Somewhere I saw a picture of a lipo mounting system for the HD pro 3. I can't remember which thread it was under. Anybody know where to look?


----------



## BigBoyT1 (Dec 31, 2006)

*copy and paste this addy*

http://www.hobbytalk.com/bbs1/showthread.php?t=197491

This should take you to it. It is in Brushless Oval Racing... page 2


----------



## garacer08 (Jun 8, 2007)

Randy at big boys toys makes them. I just got one from him for my Gen2 and love it. Randy has a great product. I looked at the craftsman ship of the batt tray when it came in and its a very very well built product. He takes the time to file down the ribs to allow the battery to set down in the tray better, and the hold down bars fit nice and snug. NO movement at all. I would recommend these to anybody. I will be getting another one for my next car.


----------



## RCMits (Jan 1, 1970)

I just got one for my gen1 ksg.. VERY well made...


----------



## TeamGoodwrench (Oct 14, 2002)

I got 2 of them for my Gen-2 cars -- excellent product and FAST shipping too.


----------



## RCMits (Jan 1, 1970)

here is a pic of my assembled ksg1 with BBT's lipo tray. its in a state of rebuild right now..










his Hyperdrive stuff is just as clean and cut well... the fit is perfect. great stuff.


----------



## CLB (Apr 8, 2007)

How much weight do them brackets add compared to just battery tape to hold the battery in.


----------



## swtour (Oct 8, 2001)

These sure do keep the battery in place nicely....and Randy does really sweet work.

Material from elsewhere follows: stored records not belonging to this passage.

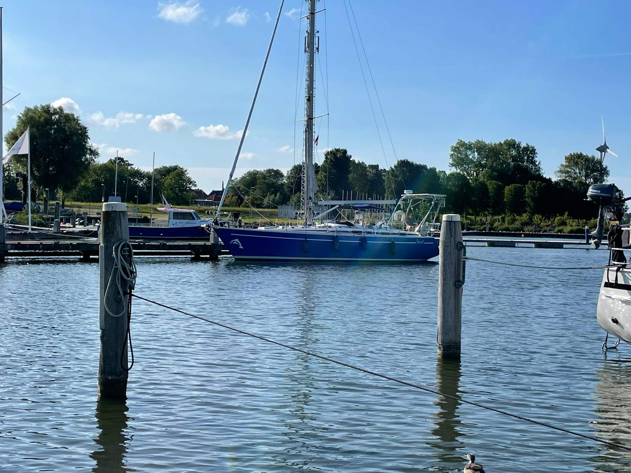 Ich habe mich in der Flevo Marina mit der Werft verabredet, weil wir vielleicht Auryn über den Winter hier lassen möchten und die einige Arbeiten für uns durchführen sollen. Es herrschen heute deutlich über 30°C aber ein angenehmer segelbarer Wind. Und so kommen wir ganz gemütlich nach 25sm in 6h in der Marina Flevo an. Leider sind die Werftleute wegen der Hitze an dem Tag schon um 15.00 Uhr gegangen und das Treffen kommt nicht zustande. Schade auch aber lässt sich nicht ändern. Die Marina ist nicht ganz so schick wie in Muiderzand aber dafür deutlich billiger. Rundherum gibt es auch nicht viel außer einem nettem Hafenrestaurant und einem Strand um die Ecke. Da es wegen der Hitze kaum auszuhalten ist, passiert außer einem Essen in dem Restaurant nicht mehr viel.
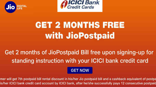 ರಿಲಯನ್ಸ್ ಜಿಯೋ ಮತ್ತು ಐಸಿಐಸಿಐ ಬ್ಯಾಂಕ್ ಸಂಸ್ಥೆಗಳು ಒಪ್ಪಂದ ಮಾಡಿಕೊಂಡಿದ್ದು, ಈ ಒಪ್ಪಂದದ ಪ್ರಕಾರ, ಐಸಿಐಸಿಐ ಬ್ಯಾಂಕ್ ಕ್ರೆಡಿಟ್ ಕಾರ್ಡ್ ಬಳಕೆದಾರರಿಗೆ ಎರಡು ತಿಂಗಳ ಕಾಲ ಉಚಿತ ಜಿಯೋ ಪೋಸ್ಟ್ಪೇಡ್ ಸೇವೆ ಸಿಗಲಿದೆ. ಇದಕ್ಕಾಗಿ, ಐಸಿಐಸಿಐ ಬ್ಯಾಂಕ್ ಕ್ರೆಡಿಟ್ ಕಾರ್ಡ್ ಬಳಕೆದಾರರು 12 ತಿಂಗಳ ಜಿಯೋ ಪೋಸ್ಟ್ಪೇಡ್ ರಿಚಾರ್ಜ್ ಮಾಡಿಸಬೇಕಾಗುತ್ತದೆ.
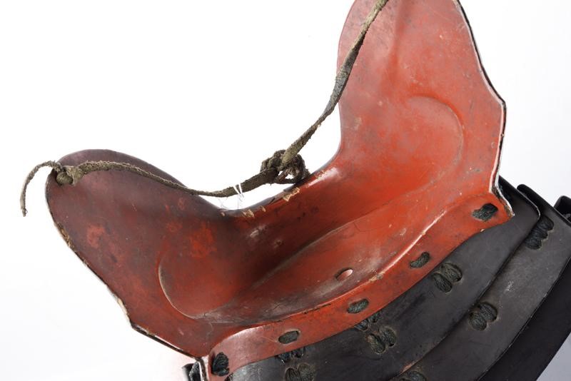 Of the tsubame school. With iron structure covered with black lacquer with a few small missing parts at the borders and on the chin, minor craquelure. Red-lacquered inside with no defects. Asenagashi no ana. Orikugi. Three-plate, iron yodare-kake with th
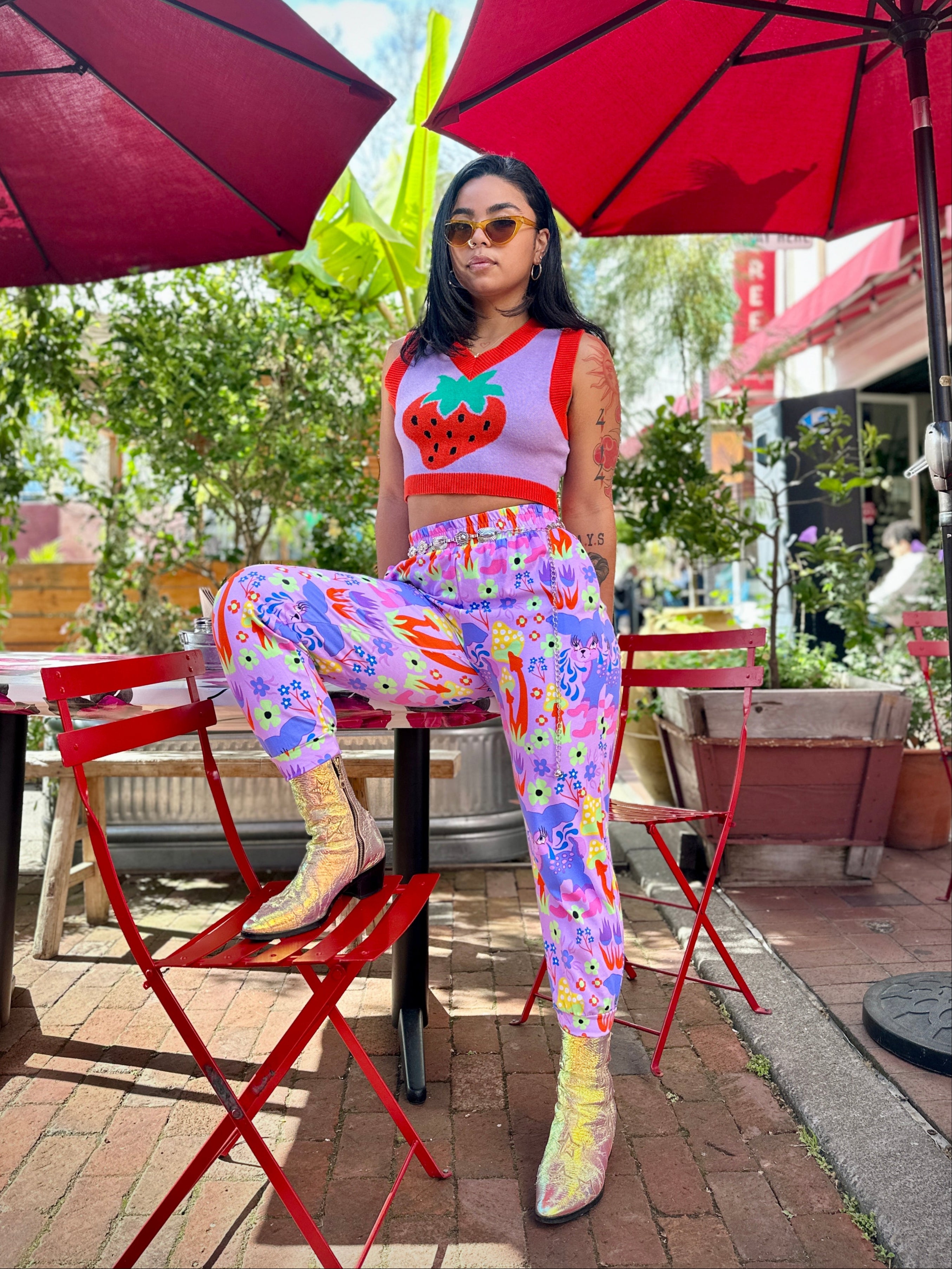 We are a woman owned, women run business. We make limited edition textiles with artists we love in cuts to make you look and feel good. All our garments are produced in California. We try to source all our materials in the USA and work with incredibly nice people.

I need to get one for each of the 3 cars I'm running LIPO in. (Gen1, Gen2 and a Pro3)


----------



## 67-4-fun (Feb 23, 2004)

sent an e-mail to Randy at Big Boy toys, havent yet responded, does he answer his e-mails very much or is he just a very busy person..

thanks
JP


----------



## RCMits (Jan 1, 1970)

he'll get to you... he's a busy guy... *[email protected]*


----------



## 67-4-fun (Feb 23, 2004)

thats cool, I just woundered about it, I understand


----------



## AJS (Mar 21, 2002)

I have also heard that he is not feeling well. I'm sure he will get ahold of you and he does great work and makes terrific products.


----------



## TeamGoodwrench (Oct 14, 2002)

Randy -- would it be possible for you to design something for the solid chassis out there that only have 4 or 5 cell slots in them ??


----------